Attribute Practiced Assessed
(6) Communication and Inquiry/ Research (Level 3) No 4%
(7) Project and Team Skills (Level 1) No 0%
(5) Interdisciplinary, Inclusiveness, Influence (Level 3) No 0%
(4) Design (Level 3) No 0%
(3) Problem Solving and Inventiveness (Level 3) No 13%
(2) Engineering/ IT Specialisation (Level 3) No 83%

These goals are selected from Engineering & IT Graduate Outcomes Table 2018 which defines overall goals for courses where this unit is primarily offered. See Engineering & IT Graduate Outcomes Table 2018 for details of the attributes and levels to be developed in the course as a whole. Percentage figures alongside each course goal provide a rough indication of their relative weighting in assessment for this unit.

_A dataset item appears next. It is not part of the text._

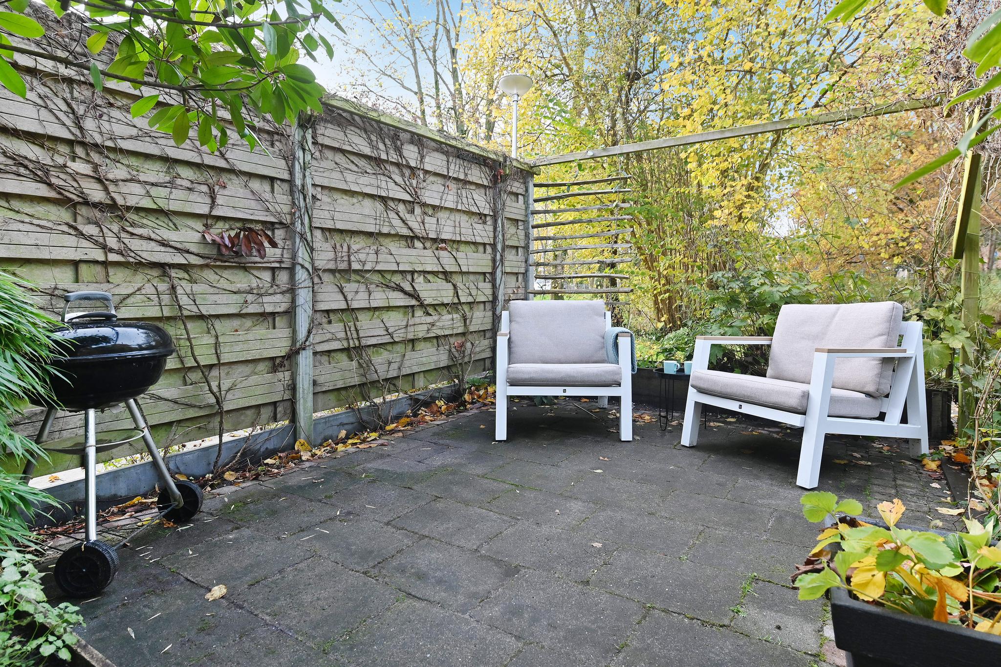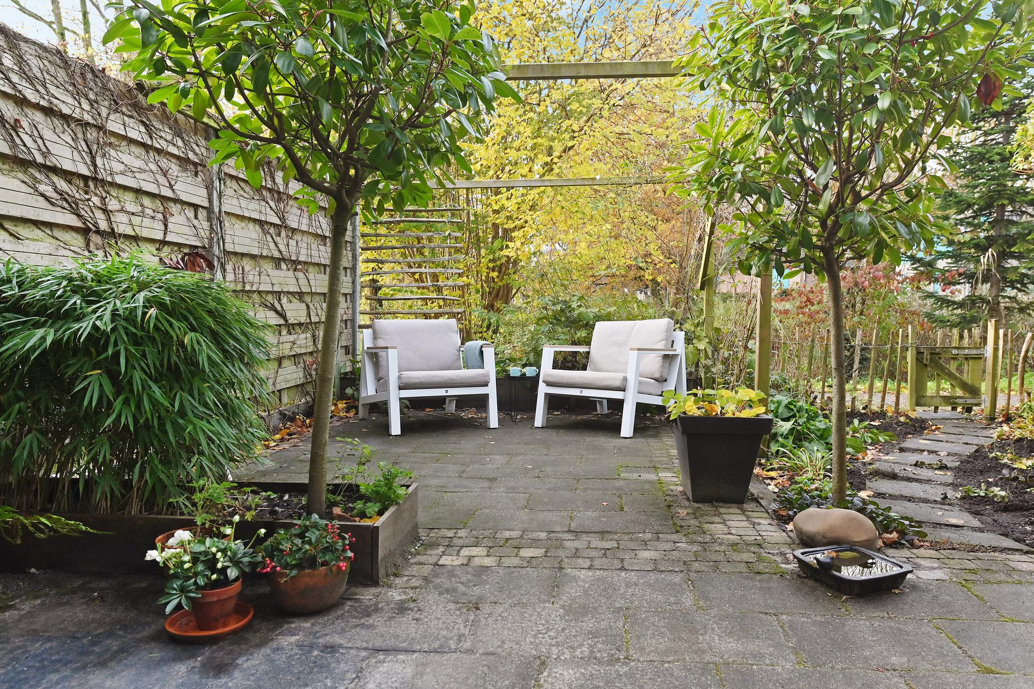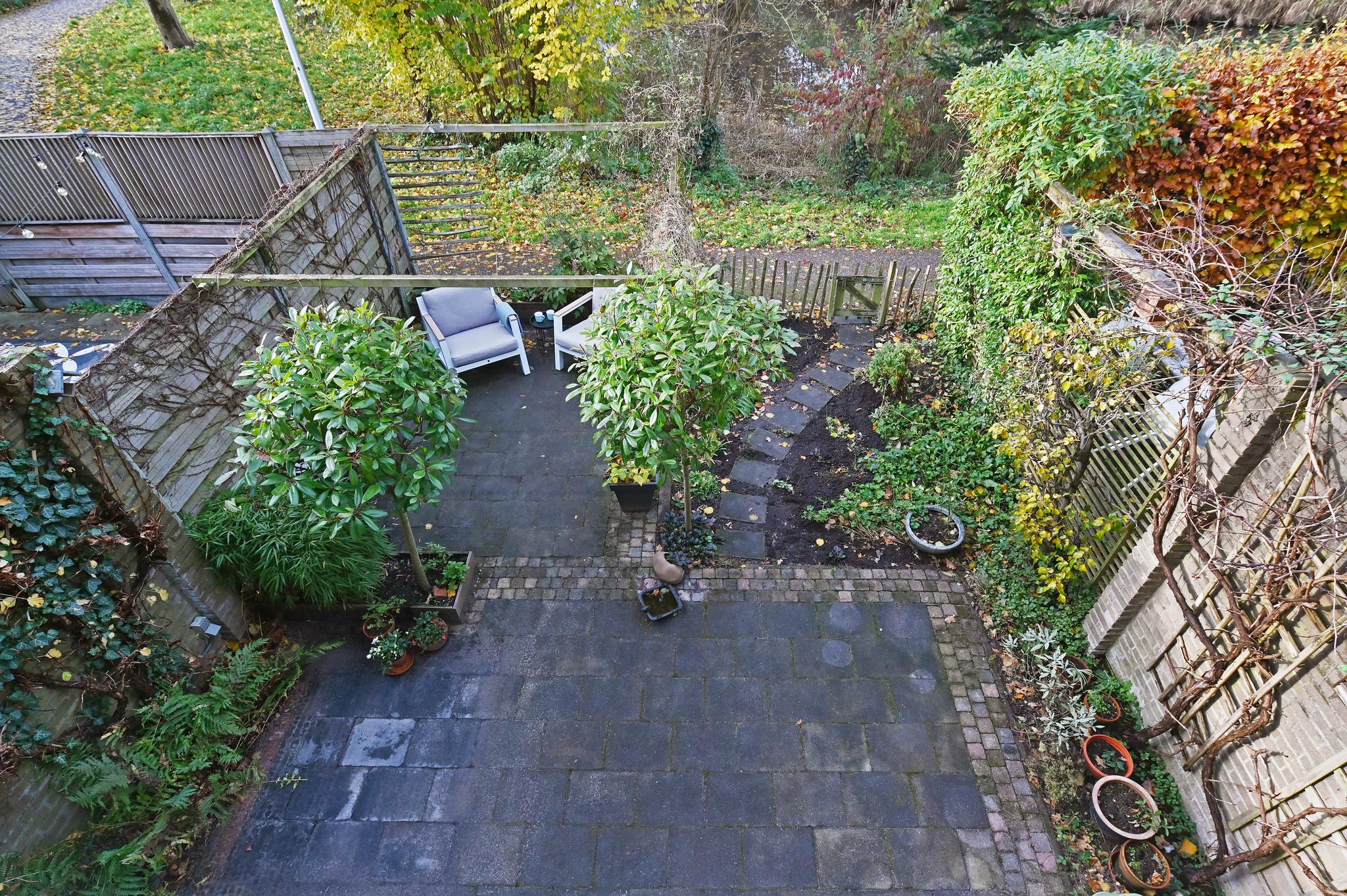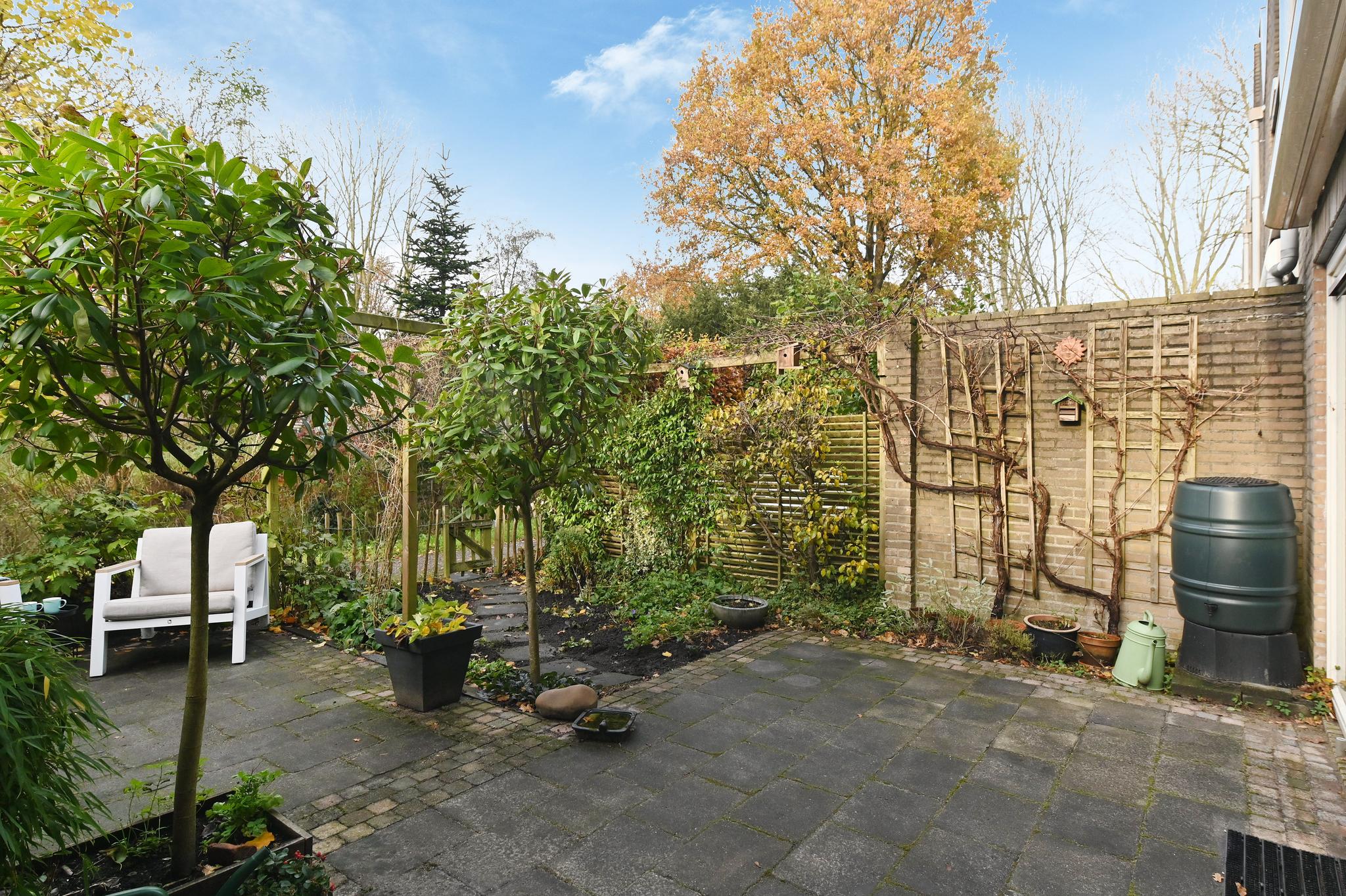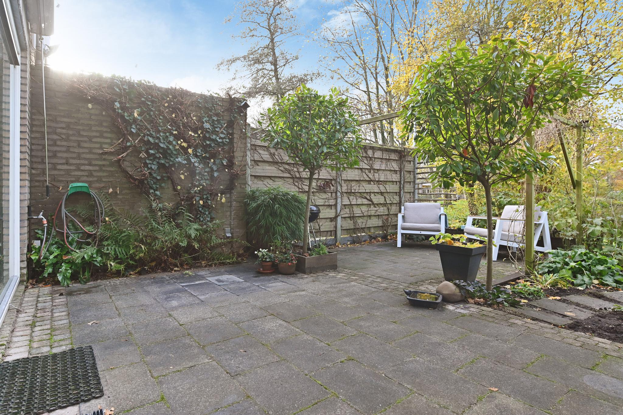 Buiten: Voortuin met beschut hoekje, fijn om buiten in het zonnetje te genieten van je ochtend cappuccino. Ruime berging met elektra. Aan achterzijde heerlijke tuin gelegen op het zonnige Zuidwesten met uitzicht op de achtergelegen vijver en groenvoorziening. Optimale zichtlijn over al het groen en ook heel fijn, de kinderen kunnen vanuit de tuin direct het wijkpark in om lekker buiten te spelen.

Note that not all goals are necessarily part of assessment. Some may be more about practice activity. See Learning outcomes for details of what is assessed in relation to each goal and Assessment for details of how the outcome is assessed. See Attributes for details of practice provided for each goal.